§ **GIVEN RECORDS**
■ ■ ■ ■

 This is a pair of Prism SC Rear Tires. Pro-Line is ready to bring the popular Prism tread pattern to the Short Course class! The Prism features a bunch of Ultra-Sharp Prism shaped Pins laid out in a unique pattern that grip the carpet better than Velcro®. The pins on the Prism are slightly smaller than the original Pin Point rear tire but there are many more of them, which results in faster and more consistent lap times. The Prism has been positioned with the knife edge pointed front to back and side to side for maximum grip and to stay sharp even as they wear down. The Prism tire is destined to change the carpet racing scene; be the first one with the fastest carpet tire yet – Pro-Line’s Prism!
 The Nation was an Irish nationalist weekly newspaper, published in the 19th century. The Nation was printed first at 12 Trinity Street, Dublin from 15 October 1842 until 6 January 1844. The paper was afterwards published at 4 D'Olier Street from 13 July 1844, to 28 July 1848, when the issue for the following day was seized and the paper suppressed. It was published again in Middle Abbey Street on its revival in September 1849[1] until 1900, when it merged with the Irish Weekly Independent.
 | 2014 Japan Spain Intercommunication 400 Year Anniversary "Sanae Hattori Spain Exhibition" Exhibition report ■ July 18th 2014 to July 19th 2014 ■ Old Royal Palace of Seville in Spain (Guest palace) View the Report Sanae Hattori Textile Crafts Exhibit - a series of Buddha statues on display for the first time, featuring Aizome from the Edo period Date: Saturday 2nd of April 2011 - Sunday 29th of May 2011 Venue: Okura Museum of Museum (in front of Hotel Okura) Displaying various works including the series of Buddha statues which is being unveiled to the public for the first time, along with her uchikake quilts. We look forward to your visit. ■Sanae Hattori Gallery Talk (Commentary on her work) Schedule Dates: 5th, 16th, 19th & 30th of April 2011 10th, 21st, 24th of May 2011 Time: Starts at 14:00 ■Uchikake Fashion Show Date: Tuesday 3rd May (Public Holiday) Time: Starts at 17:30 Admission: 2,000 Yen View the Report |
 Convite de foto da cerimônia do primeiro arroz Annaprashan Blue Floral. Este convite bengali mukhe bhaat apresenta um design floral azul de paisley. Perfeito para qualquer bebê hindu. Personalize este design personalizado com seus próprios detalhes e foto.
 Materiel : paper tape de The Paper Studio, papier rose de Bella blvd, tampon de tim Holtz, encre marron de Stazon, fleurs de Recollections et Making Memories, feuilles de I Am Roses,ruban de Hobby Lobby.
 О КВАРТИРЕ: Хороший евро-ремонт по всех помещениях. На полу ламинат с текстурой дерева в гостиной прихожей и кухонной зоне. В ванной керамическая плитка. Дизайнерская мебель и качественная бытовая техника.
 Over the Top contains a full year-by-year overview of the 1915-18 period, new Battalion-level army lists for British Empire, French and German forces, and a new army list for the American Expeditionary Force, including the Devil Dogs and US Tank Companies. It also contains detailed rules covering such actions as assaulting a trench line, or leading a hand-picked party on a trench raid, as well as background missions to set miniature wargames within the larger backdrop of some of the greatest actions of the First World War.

■ ■ ■ ■

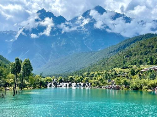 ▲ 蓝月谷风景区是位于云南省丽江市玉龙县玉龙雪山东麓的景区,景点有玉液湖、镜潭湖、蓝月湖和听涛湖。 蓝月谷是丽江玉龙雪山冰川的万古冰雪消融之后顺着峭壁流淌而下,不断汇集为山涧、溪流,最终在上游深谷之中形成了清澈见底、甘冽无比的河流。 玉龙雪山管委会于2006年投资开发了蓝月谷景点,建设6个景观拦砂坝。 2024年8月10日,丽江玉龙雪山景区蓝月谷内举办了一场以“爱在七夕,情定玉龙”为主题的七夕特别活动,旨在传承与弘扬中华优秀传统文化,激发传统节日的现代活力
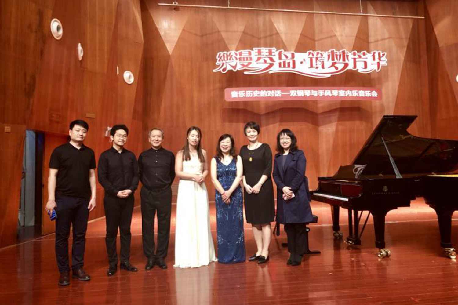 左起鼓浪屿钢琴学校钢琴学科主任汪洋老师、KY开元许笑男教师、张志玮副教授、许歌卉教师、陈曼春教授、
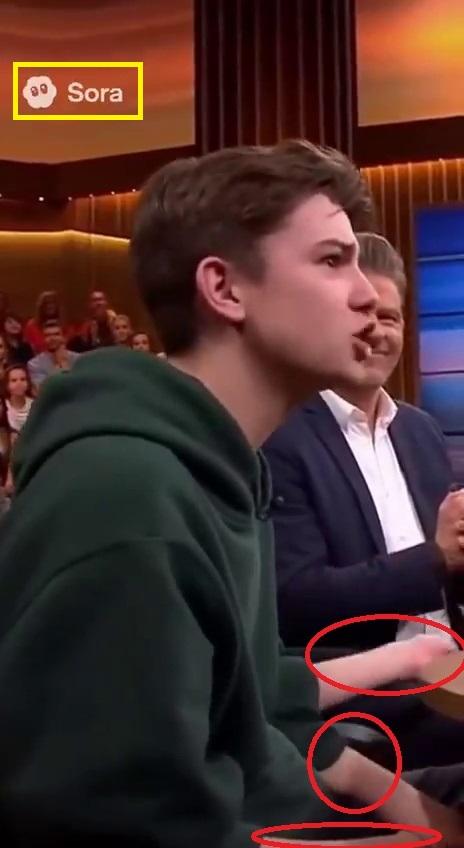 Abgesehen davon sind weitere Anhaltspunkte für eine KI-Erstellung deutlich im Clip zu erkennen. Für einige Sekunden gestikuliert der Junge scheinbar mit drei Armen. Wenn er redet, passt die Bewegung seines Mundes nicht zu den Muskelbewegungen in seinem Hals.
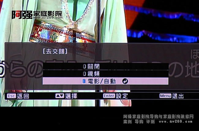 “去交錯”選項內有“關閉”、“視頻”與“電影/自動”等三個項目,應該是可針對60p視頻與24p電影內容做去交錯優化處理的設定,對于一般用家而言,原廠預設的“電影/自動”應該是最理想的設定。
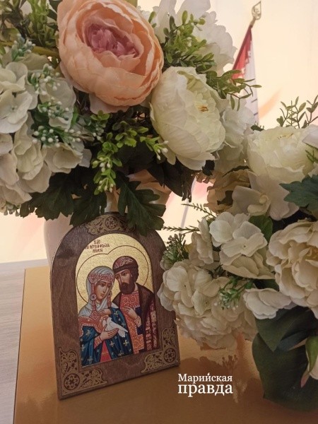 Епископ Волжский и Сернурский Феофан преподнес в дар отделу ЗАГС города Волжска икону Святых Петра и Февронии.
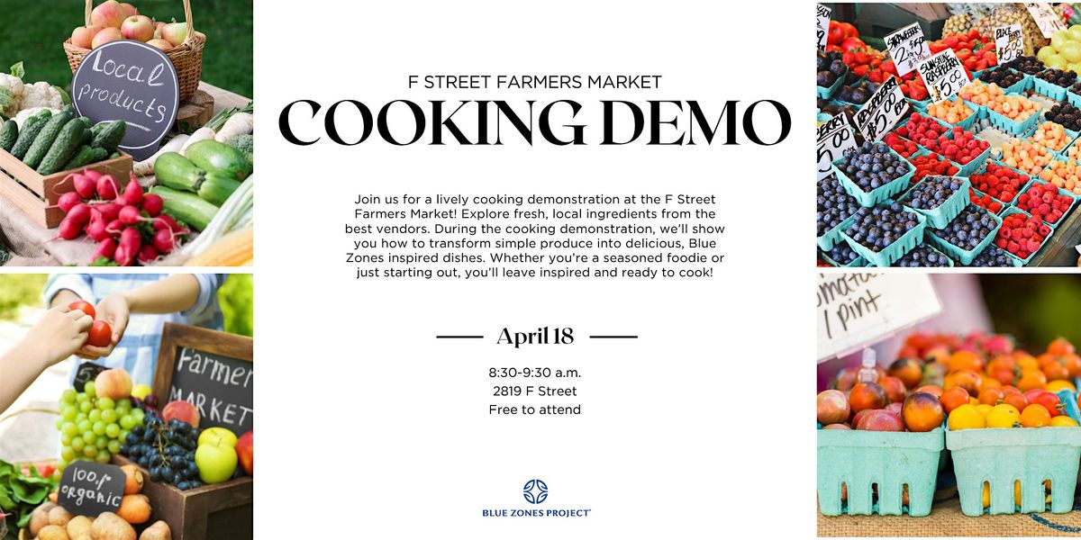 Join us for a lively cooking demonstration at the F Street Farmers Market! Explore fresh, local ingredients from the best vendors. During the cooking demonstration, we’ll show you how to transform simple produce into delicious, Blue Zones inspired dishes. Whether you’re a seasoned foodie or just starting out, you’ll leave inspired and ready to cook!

■ ■ ■ ■

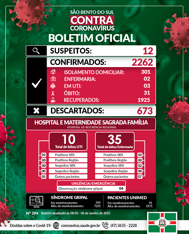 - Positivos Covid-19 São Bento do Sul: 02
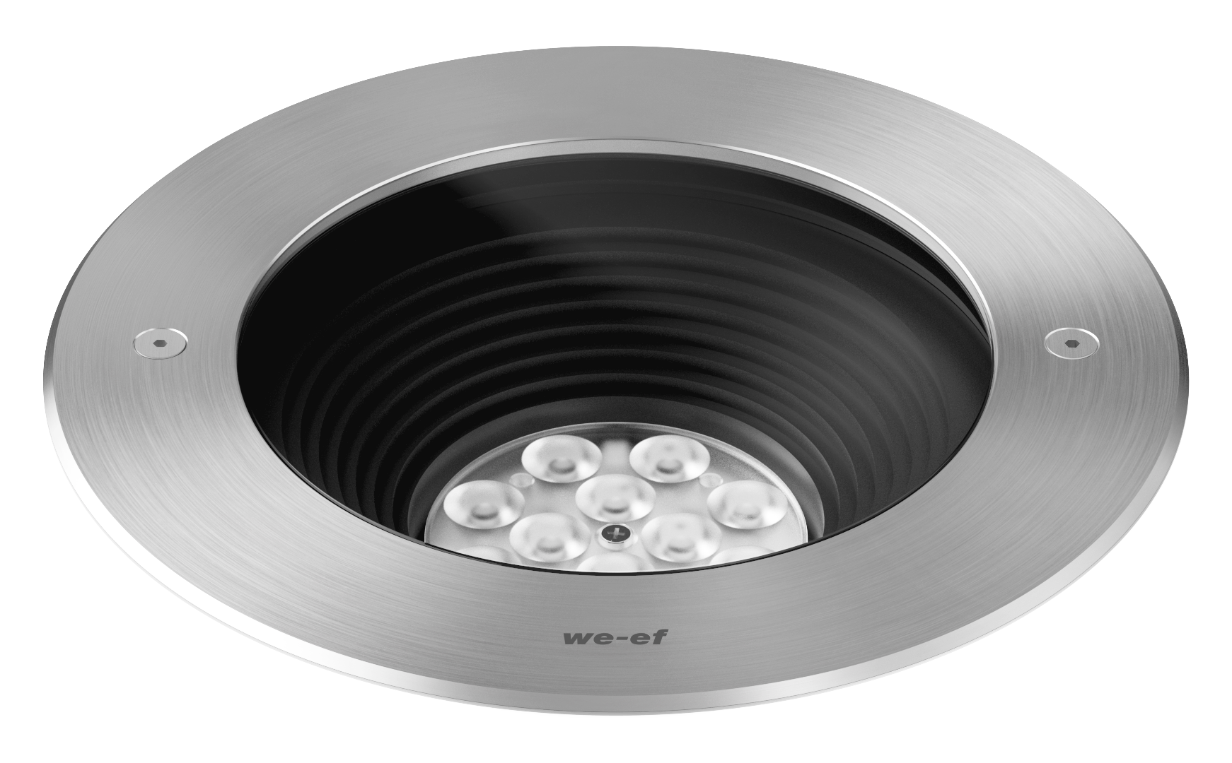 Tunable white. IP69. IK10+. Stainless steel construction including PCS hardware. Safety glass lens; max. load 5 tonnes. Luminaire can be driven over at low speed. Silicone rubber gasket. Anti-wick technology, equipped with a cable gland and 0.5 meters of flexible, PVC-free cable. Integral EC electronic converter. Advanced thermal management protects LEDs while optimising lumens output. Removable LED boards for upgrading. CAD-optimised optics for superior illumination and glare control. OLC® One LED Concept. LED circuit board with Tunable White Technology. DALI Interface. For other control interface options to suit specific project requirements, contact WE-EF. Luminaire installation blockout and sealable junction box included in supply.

■ ■ ■ ■

§ **WORK INSTRUCTIONS**
With the pictures removed, print only the lines starting at the line that has "Епископ Волжский и" and ending at the line that has "Join us for", both ends included, exactly as they stand above.

§ **ANSWER BELOW**
 Епископ Волжский и Сернурский Феофан преподнес в дар отделу ЗАГС города Волжска икону Святых Петра и Февронии.
 Join us for a lively cooking demonstration at the F Street Farmers Market! Explore fresh, local ingredients from the best vendors. During the cooking demonstration, we’ll show you how to transform simple produce into delicious, Blue Zones inspired dishes. Whether you’re a seasoned foodie or just starting out, you’ll leave inspired and ready to cook!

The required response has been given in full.